Ground State of the Kagome Lattice Heisenberg Antiferromagnet

TL;DR

This paper uses series expansions to suggest that the ground state of the Kagome lattice Heisenberg antiferromagnet is a Valence Bond Crystal with a 36-site unit cell, characterized by specific energy and excitation properties.

Contribution

It provides a detailed series expansion analysis indicating the VBC ground state with a 36-site unit cell as the lowest energy configuration, with new insights into its structure and excitations.

Findings

Ground state is a Valence Bond Crystal with a 36-site unit cell.

Energy per site is approximately -0.433 J.

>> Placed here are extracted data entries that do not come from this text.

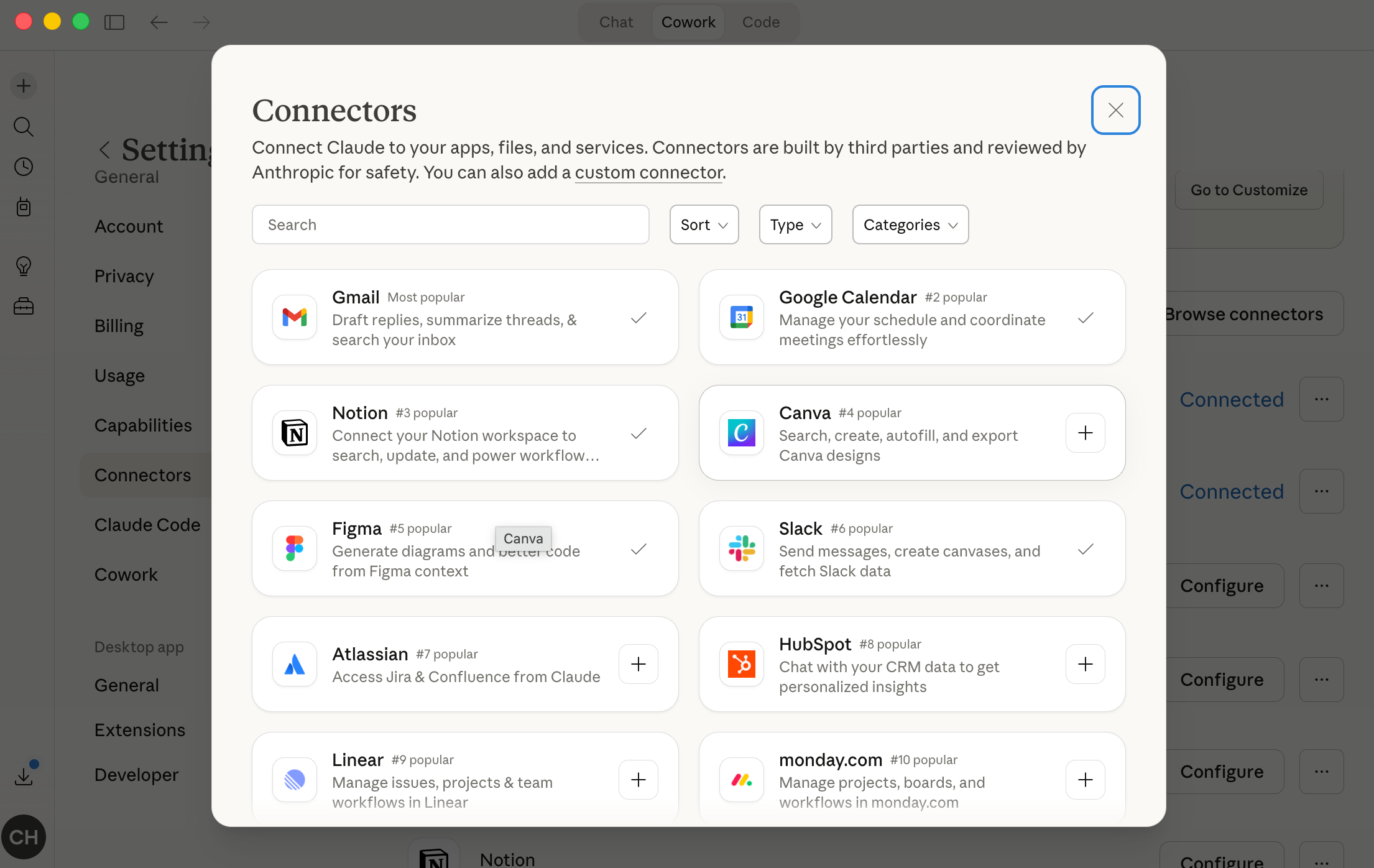 Go to Settings > Connectors in Claude Desktop. Over 50 integrations are listed. Authenticate once. Every future session picks them up automatically.
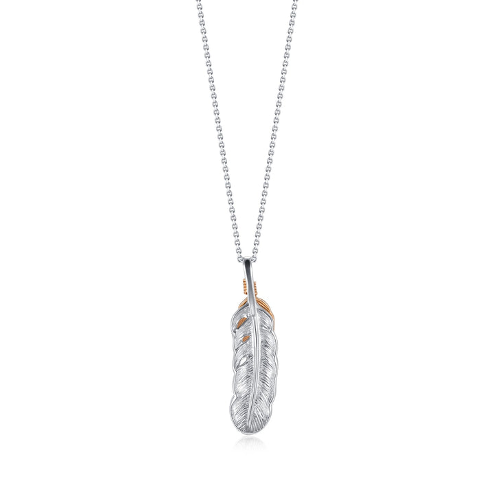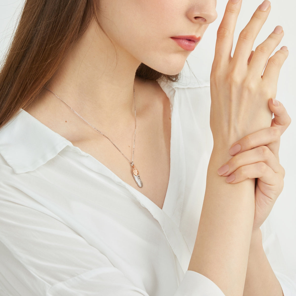 This 18K White & Red Gold Feather Pendant by Chow Sang Sang signifies love and protection, inspired by Cupid’s feather, and showcases a beautiful multi-tone design.
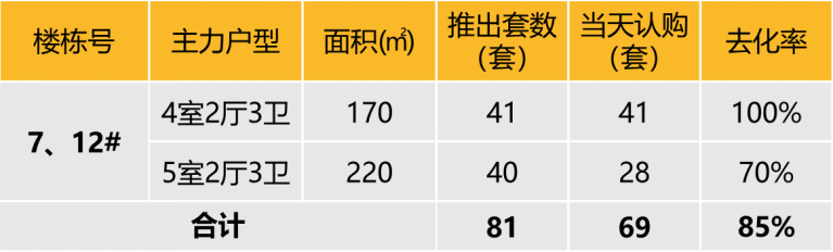 认购去化:项目本次开盘共计有205组家庭报名登记,中签率39.51%,开盘当日认筹69套房源,去化率85%。
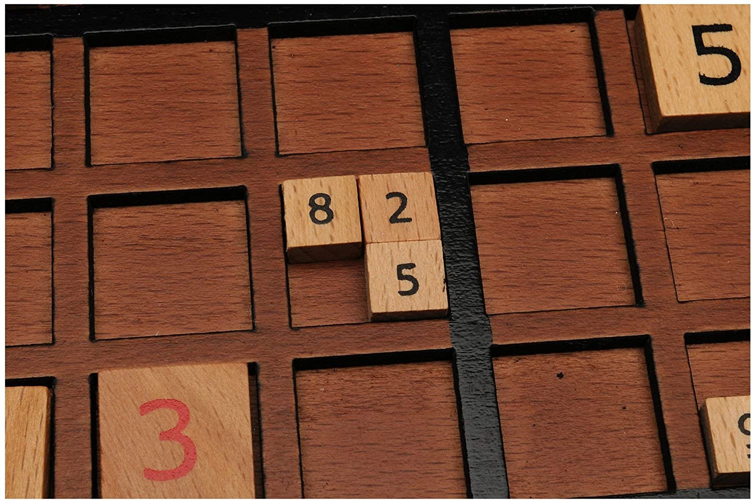Sudoku is a worldwide hit, and now we've made it even easier for the whole family to enjoy. This handsome Sudoku set features a simple design on a Walnut stained wood board. It features convenient slots along the edges of the playing surface to store your numbered wooden tiles in numerical order. A black Sudoku grid is printed on the surface. Comes with wooden number tiles plus small thinking tiles to hold your place while you determine the correct number for that space. Comes with a cloth bag with drawstring to hold the pieces when not in use. Big tiles measure: .734 x .727 x .196 inches; Small tiles measure: .358 x .357 x .103 inches. Any Sudoku puzzle can be played on it, so use the puzzle that came in your daily newspaper, put down your pen, and enjoy this tactile way of solving the puzzle.

Lowest-energy triplet excitations are dispersionless and confined.

Abstract

Using series expansions around the dimer limit, we show that the ground state of the Heisenberg Antiferromagnet on the Kagome Lattice appears to be a Valence Bond Crystal (VBC) with a 36-site unit cell, and an energy per site of $E/J=-0.433\pm0.001$. It is a honeycomb lattice of `perfect hexagons' as discussed by Nikolic and Senthil. The energy difference between the ground state and other ordered states with the maximum number of `perfect hexagons', such as a stripe-ordered state, is of order $0.001 J$. The energy of the 36-site system with periodic boundary conditions is further lowered by an amount of $0.005\pm 0.001 J$, consistent with Exact Diagonalization. Every unit cell of the VBC has two singlet states whose degeneracy is not lifted to $6th$ order in the expansion. We estimate this energy difference to be smaller than $0.001 J$. Two leading orders of perturbation theory find the lowest-energy triplet excitations to be dispersionless and confined to the `perfect hexagons'.